China’s New Carbon Market Is Crippled by Low Turnover, Prices
(Bloomberg) -- China’s new carbon market won’t be an effective brake on emissions until it attracts more participants and prices rise, according to the chief of a regional exchange that served as one of the pilots for national trading.
One impediment to the national market’s eventual success is a lack of depth in its products, Mei Dewen, the general manager of the Beijing Environment Exchange, said in an online briefing on Tuesday. Only physical trading among power companies is currently allowed, and adding derivatives and getting financial players involved would trigger more activity, said Mei.
The environment ministry, which oversees the national market hosted by the Shanghai Environment and Energy Exchange, has said derivatives and financial institutions could be introduced when the market has matured. Mei said that might not happen until 2028.

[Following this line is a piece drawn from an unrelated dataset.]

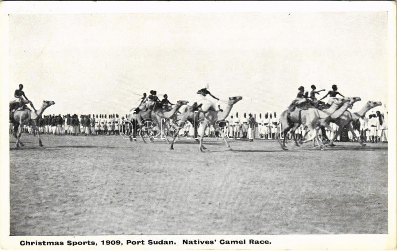 Port Sudan, Christmas Sports 1909. Natives' Camel Race (EB) https://www.darabanth.com/de/444-Fernauktion/444.0/Ansichtskarten/Sudan~2000087/Port-Sudan-Christmas-Sports-1909-Natives-Camel-Race-EB~II2930633

China remains wary of involving speculative investors while utilities learn how to trade, said Mei, who also cited the experience of building spot markets from the pilots that began running in 2013.
“It’s very risky for China to become carbon neutral without banks providing liquidity, and while coal and energy-intensive manufacturing dominate its economy,” he said.
In the meantime, China’s national trading scheme, which has supplanted the European Union’s carbon market as the world’s largest, has made a slow start since launching on July 16. Activity has dropped dramatically after 4.1 million tons of carbon changed hands on its debut, and the cumulative total stands at just 6 million tons.
With about 4 billion tons of allowances issued, that represents a meager churn rate of less than 2%, just a fraction of the EU’s. Moreover, access to trading has been rolled out very slowly and only a few of the 2,200 power companies holding permits have participated so far.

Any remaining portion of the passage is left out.